After recently upgrading my main storage server bit by bit, I found myself with a pile of parts that basically added up to another storage server. I had a capable Network Attached Storage (NAS) solution for files and media, but I needed a second server running on-site as a backup for the main NAS. What I did not want, however, was to pay for a second server running 24/7 gobbling up energy. This article explains how to set up a pair of servers in a primary/backup configuration so that the backup will synchronize itself with the primary server each day, week, month, or however often you like. Once the two are synced, the backup server will turn back off until needed again, thus saving most of the energy costs. This approach has an added benefit in the event of a ransomware encryption attack, because the backup server will most likely be turned off at the time of the attack, making it more likely to escape encryption.

Hardware Configuration

The two servers I describe in this article are used in a home lab and are non-critical. If you are using servers for a business, school, or professional agency, you will have different needs and, ideally, a more expansive budget that could point you toward a different solution. This article is intended as a proof of concept – and as a way to explore some of the tools available in the Linux environment. This basic approach might very well be feasible for other secondary or off-site backups with slight modifications.

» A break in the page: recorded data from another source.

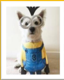
↑犬の業界でも大人気です！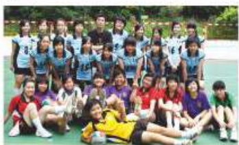
本校女子排球隊成員

藝術教育方面，為同學提供均衡之課程，讓他們得到全人教育。於「教育統籌委員會」所制訂之教育目標中，藝術教育是五育之重要一環：「讓每個人在德、智、體、群、美各方面都有全面而具個性的發展，能夠一生不斷自學、思考、探索、創新和應變。」我們深信，本範疇透過藝術學習讓同學發展其創造力、想像力、靈活、審美能力等素質，並懂得評賞外界事物，從而建立正確之價值觀和態度，以及繼承、發揚及反思本土及其他文化之傳統和價值。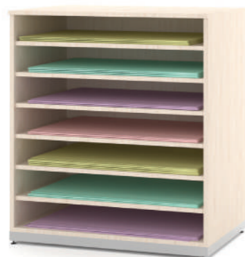
Armário Baixo Cartolina L x A x P 90 x 100 x 60

Possui prateleiras para proteger as cartolinas, sem amassar nem dobrar. Ideal para atividades pedagógicas que estimulam os alunos no desenvolvimento da criatividade.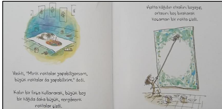
Resim 4. Çizgi öğesine ilişkin örnek çizim 2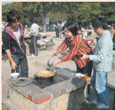
青空の下だとなべの味も格別です

今年も会員の親睦を深めるために、やみなべ交流会を11月17日に天白公園で開催しました。雲ひとつない青空の下、風もなく穏やかな陽気だったこともあり、総勢42名もの人でにぎわいました。おわんとはしを持参し、みんなが持ち寄った食材で、カレー・ちゃんこ・みその三種類のなべを作りました。今回、人気のあったなべは、みそ味でした。なべを囲んで話がはずみ、いろいろな人と交流できました。食後は、みんなでジェンカを踊って、楽しく過ごしました。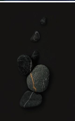
『流され、転がり、丸まり、繋がる。』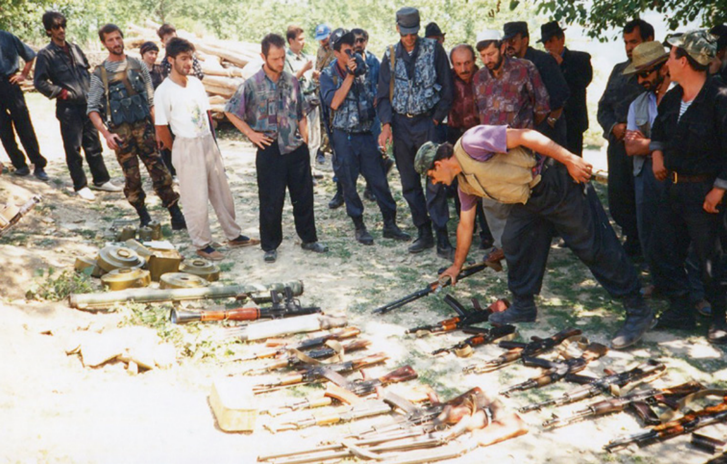
Ondanks de ontwapening wemelt het in Tsjetsjenië na het vredesakkoord van Khasavyurt in 1996 nog van de wapens en munitie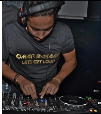
DJ of digitale media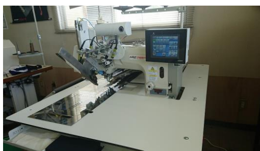
AMF Reece S39 玉縁自動機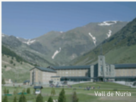
Vall de Nuria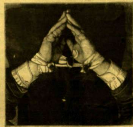
Az összekötött kezek.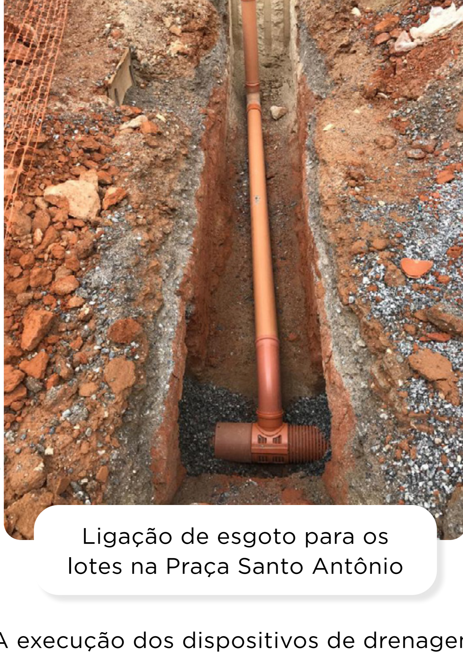
Ligação de esgoto para os lotes na Praça Santo Antônio

A execução dos dispositivos de drenagem superficial das águas de chuvas e a instalação de meio-fio também continuam.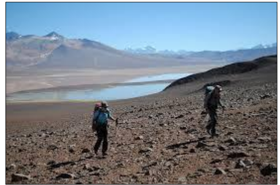
Les premiers pas vers le sommet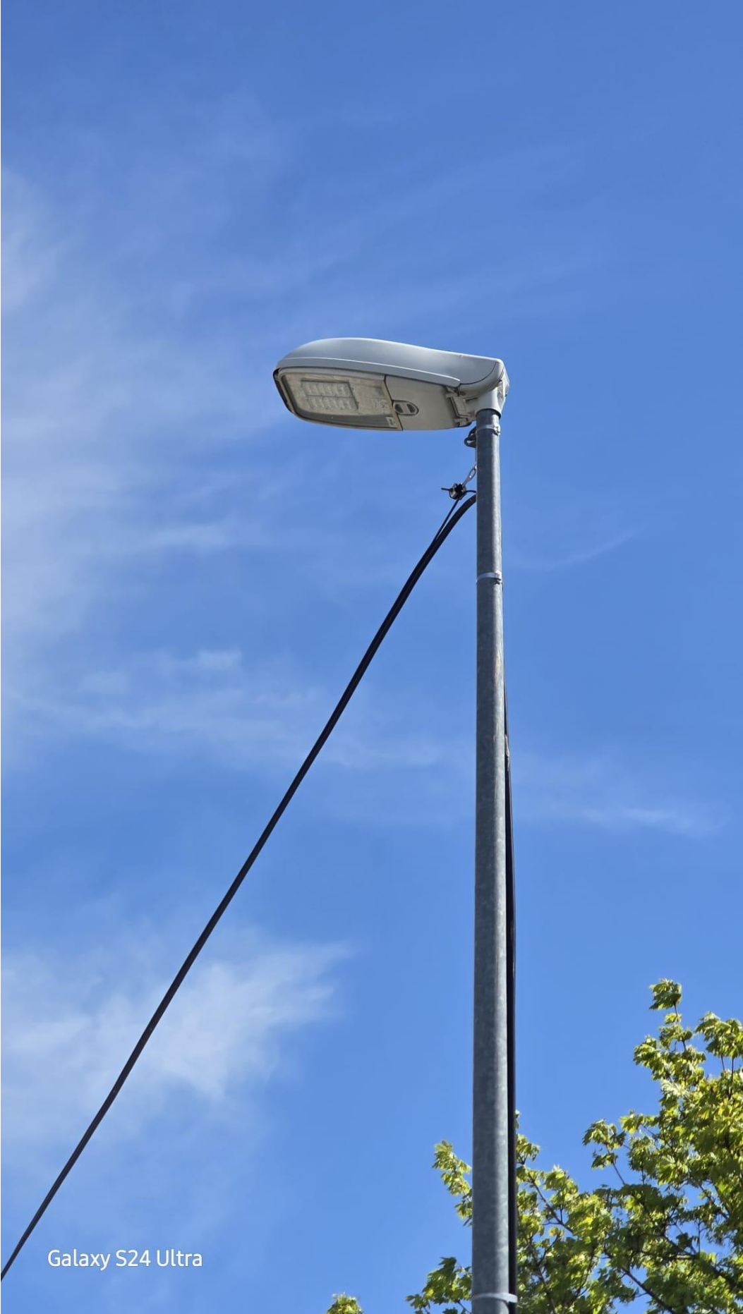
Galaxy S24 Ultra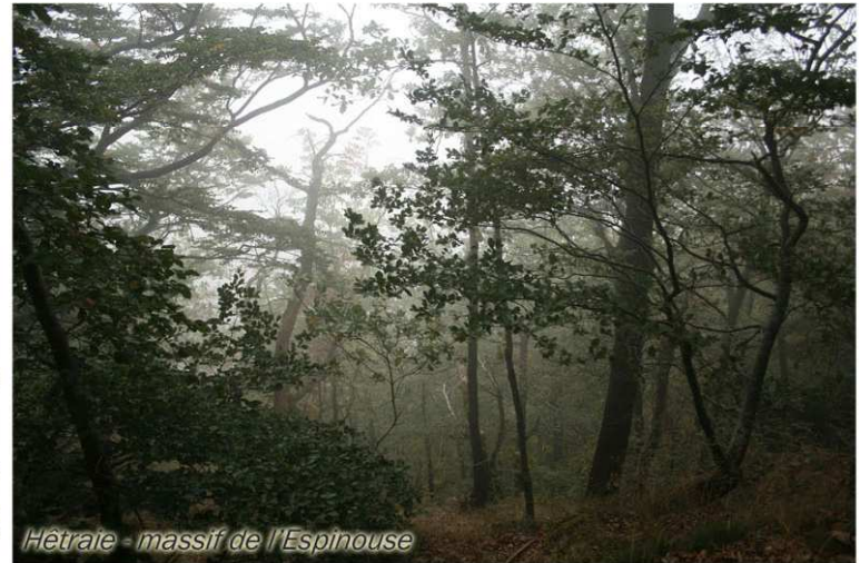
Hêtraie - massif de l'Espinouse

Envahissant sur son passage prairies et pâtures laissées à l'abandon, la forêt entraîne la fermeture des milieux qui engendre tout un tas de complications tant écologiques (appauvrissement et diminution de la biodiversité faunistique et floristique) qu'économiques.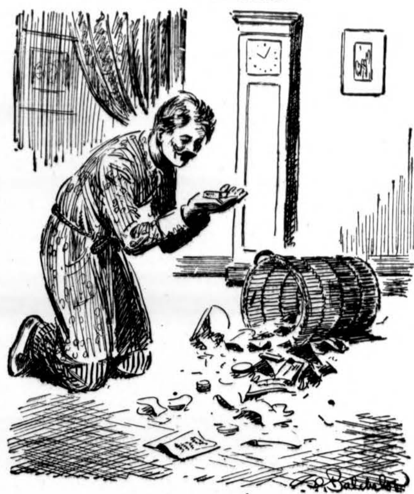
GIRLS YOU CAN'T FORGET When you renounced her last night and threw a perfectly good package of cigarettes in the basket Lady Nicotine knew you would find them this morning.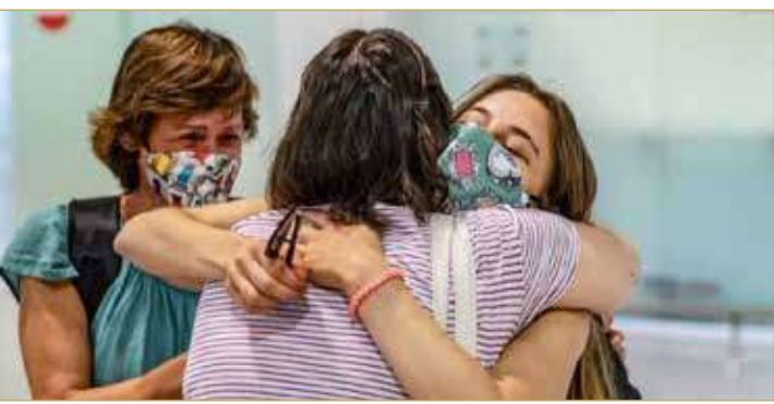
وفي حين سيتم السماح بالعناق بين أفراد الأسر مرة أخرى اعتباراً من 17 مايو الجاري، من المتوقع أن يؤكد بوريس جونسون على ضرورة القيام بذلك بحذر.

تستعد إنجلترا لإعادة التواصل البشري والعناق من جديد، الذي اعتقد له الإنجليز، إثر التراجع الكبير في إصابات فيروس كورونا ووباء (كوفيد 19) في البلاد. ومن المتوقع أن يعطي رئيس الوزراء البريطاني، بوريس جونسون الضوء الأخضر لهذا الاتصال البشري المفقود بشدة عندما يعلن عن الجولة التالية من تخفيف الإغلاق في وقت لاحق في أعقاب الانخفاض الحاد في

The main NAS server has six 6TB HGST SATA drives in a RAIDZ2 pool with approximately 24TB of usable storage space (Figure 1). The pool can lose two drives and still retain all of the data, but obviously doing this means 33 percent of the disks' raw space is unavailable. Being in a RAID array means that there is redundancy, but redundancy is not the same as a backup. Both servers have 10Gb networking, and the primary NAS runs a Proxmox virtual environment [1], which uses SMB to share to the backup.

Figure 1: The RAIDZ2 pool for the main storage server.

The backup NAS has 22TB of disks in total, consisting of five drives of varying sizes with no redundancy whatsoever, just a bunch of disks. These disks are all mounted together at startup with mergerfs [2] to appear as one single large drive to the system, while still giving direct access to each individual disk. For each file, mergerfs automatically chooses which disk is used based on the space available on each member of the merged array, per the mergerfs schema that is suitable for this use case. The backup server is bare bones, as dictated by the use case and is running Ubuntu Server 22.04 LTS [3].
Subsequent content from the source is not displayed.